In Figure 3, it can be seen that the shaded area highlights the optimal region in the objective space, where the optimality of the fidelity objective is given more importance as compared to the cascaded objective function: probability of success. Thus, more solutions generated by the CML-DA technique fall into the optimal region as compared to the PRNG-DA approach. This is reflected in the value of the overall optimality of the solutions measured using the weighted HVI. The overall optimality of the CML-DA and PRNG-DA approaches are 27,109 and 25,718, respectively. The CML-DA outperforms the PRNG-DA in terms of overall optimization performance by approximately 5.267%. The key factor influencing the techniques in this study is the CML component. The chaotic dynamics exhibited by the CML enables wide-range dynamical behavior as compared the standard PRNG. This boosts the performance of the CML-DA approach, enabling it to perform a more thorough search of the objective landscape as compared to standard techniques (PRNG-based approaches). The CML is thus able to adapt better to the multilevel structure of the optimization problem and avoid scenarios that may cause stagnation. In other words, the CML manages to escape local optima traps in the objective space. The programs developed using the mentioned computational techniques did not encounter convergent issues and performed smoothly during execution. The execution time taken for the overall solution generation using the CML-DA technique was 156,804 s while the PRNG-DA approach took about 27 s. Thus, the trade-off experienced by the CML-DA in terms of optimization efficiency is the execution time as compared to the PRNG-DA approach. The additional algorithmic complexity embedded in the CML chaotic simulator comes with an additional computational cost. Nevertheless, both techniques showed stable performance when solving the entanglement distillation problem with the fuzzy relations for QST. In that work, the authors also developed a similarly scalable efficient maximum likelihood computational framework for approximating states from incomplete statistical data.

5. Conclusions and Recommendations

In this work, the entanglement distillation optimization was formulated using a bilevel structure. Using fuzzy relations, the quantum state of the system (density matrix, ${\rho }_{A^{\prime }{B}^{\prime }}^T$), represented as a symmetric positive semidefinite matrix, was estimated using pseudo-likelihood measurements. A scale-independent partial differential equation (PDE) was derived (see Equation (7)). The solution to the PDE was employed for the QST of the quantum state. This multilevel optimization formulation was then solved using the CML-DA and PRNG-DA approaches within a Stackelberg game theoretic-framework. Comparative analysis showed that the CML-DA technique proved more efficient as compared to the PRNG-DA approach. The CML-DAs capacity for wide-range chaotic behavior enables it to navigate the objective space efficiently as compared to conventional techniques such as the PRNG-DA.
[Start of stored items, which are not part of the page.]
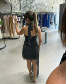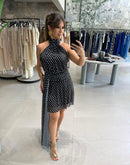 Vestido curto em tule, estampa em poá, amarração no pescoço; frente única; gola halter; faixa caída; forro em malha;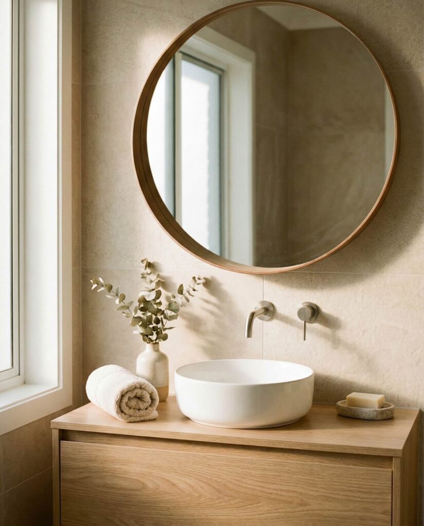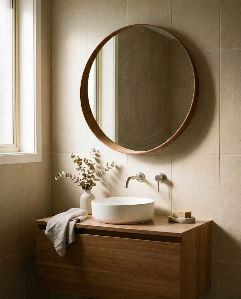 4. Circle Mirrors in Calm Bathroom Spaces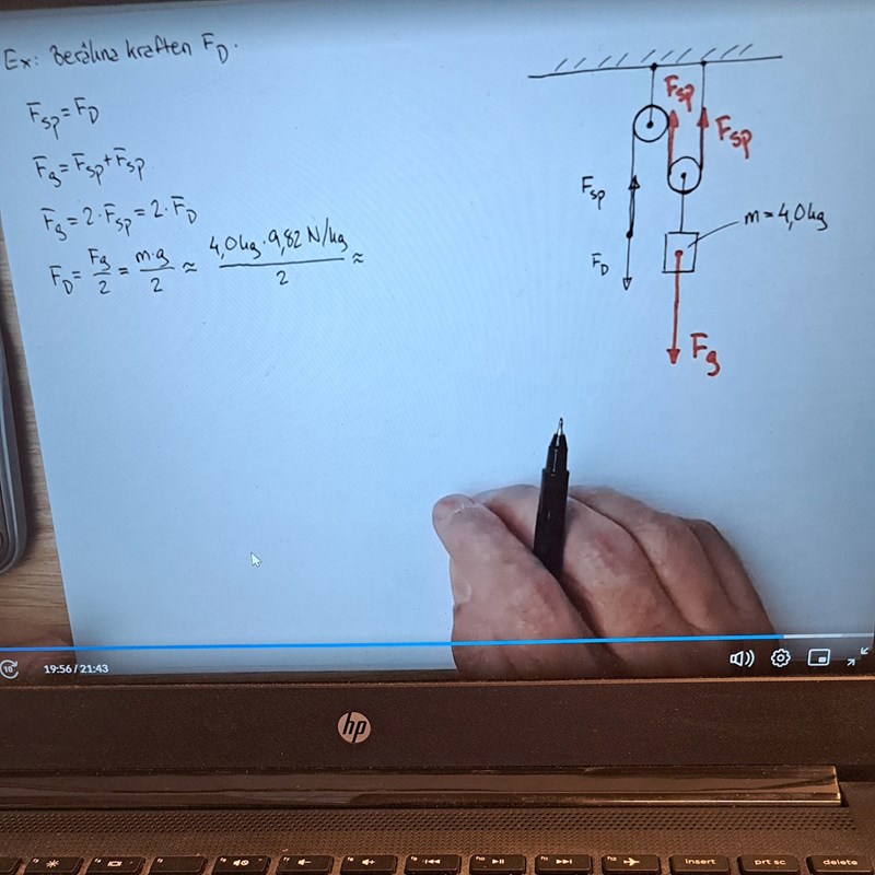Ah okej. Jag är fortfarande ej med på varför man ritar två st kraftspänningar i båda snören hos ena trissa tillsammans med andra trissan? Vad händer om man nöjer sig med bara en Fsp som han ritat i motsatt riktning till Fd eftersom Fsp i snöret är lika stor överallt ?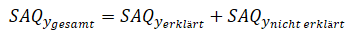 Ziel der linearen Regression ist die Varianz der abhängigen Variablen. Wie bereits an den Beispielen gezeigt, lässt sich diese Varianz selten einzig durch die unabhängige(n) Variable(n) erklären. Die Gesamtvarianz der abhängigen Variablen kann also wie folgt zerlegt werden: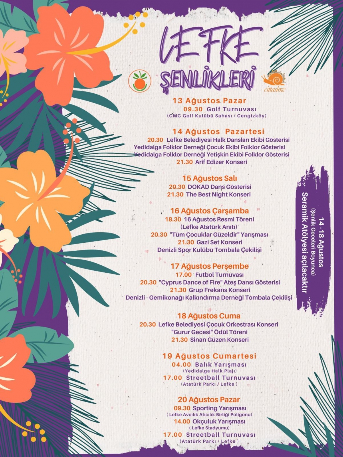 Lefke Şenlikleri 13 Ağustos Pazar günü başlayacak 20 Ağustos Pazar günü sona erecek.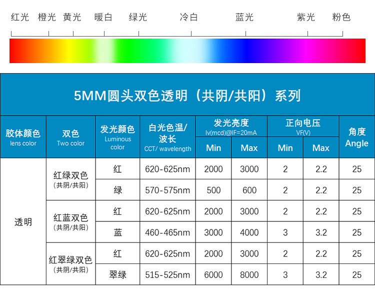 F5草帽双色LED灯珠(5mm直插)产品说明
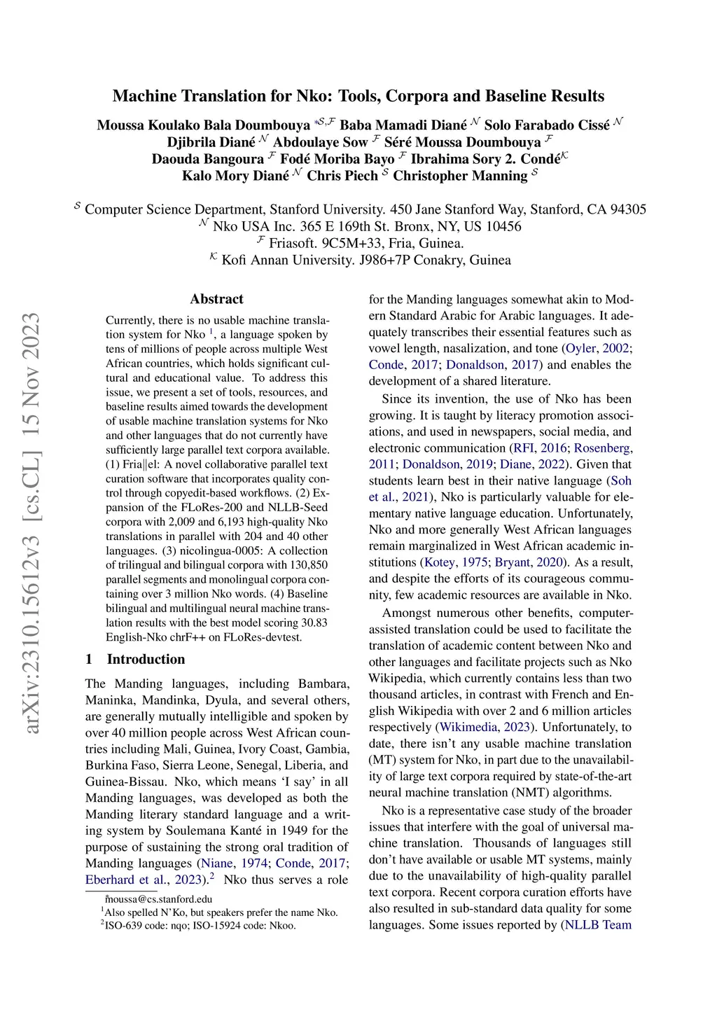 Machine Translation for Nko: Tools, Corpora and Baseline Results
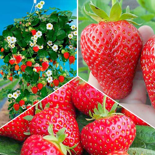 Căpşuni Ampelnaya remontant - Tufă luxuriantă, bogată în înălțime și lățime, cu tulpini secundare pline de flori, care rodesc, pe o singură plantă, până la 20 de fructe delicioase! Este recomandată creşterea pe suporturi sau spaliere. Florile și fructele cresc în condiţii de climă exterioară, din mai până în octombrie. În sere și solarii, rodesc pe tot parcursul anului, în condiţiile furnizării unui sistem de iluminat suplimentar, pentru a crea condiții favorabile coacerii fructelor. Primele roade se coc pe deplin în 4-5 săptămâni de la apariția florilor. Greutatea medie a fructelor variază între 50 şi 60 de grame. Fructele sunt dulci, cu o aromă delicată.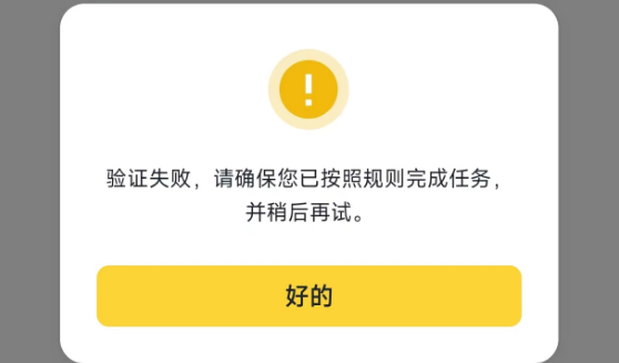 注意:根据币安 Megadrop 首期项目 BounceBit 的用户反馈出现完成任务后无法验证的问题(弹窗提示如下图),其原因是币安 Web 3 钱包不是新创建的,而是外部导入。因此,参与币安 Megadrop 须在币安 Web 3 钱包中创建新钱包参与。

Due to the complexity of the problem, as well as the difficulty in analytically identifying the global optima, future works could be directed towards rigorous testing and analysis using other metaheuristics/optimization algorithms to obtain solutions closer to the global optima. Future works could also be directed on testing the performance of other novel meta-heuristics or evolutionary algorithms for other practical entanglement distillation protocols. In addition, research efforts could be focused on reformulating the practical entanglement distillation problem using pseudo-likelihood measurements, including environmental factors influencing the density matrix estimation in QST. This could be carried out by considering the quantum Liouville equation or the Gorini–Kossakowski–Sudarshan–Lindblad equation [41,42].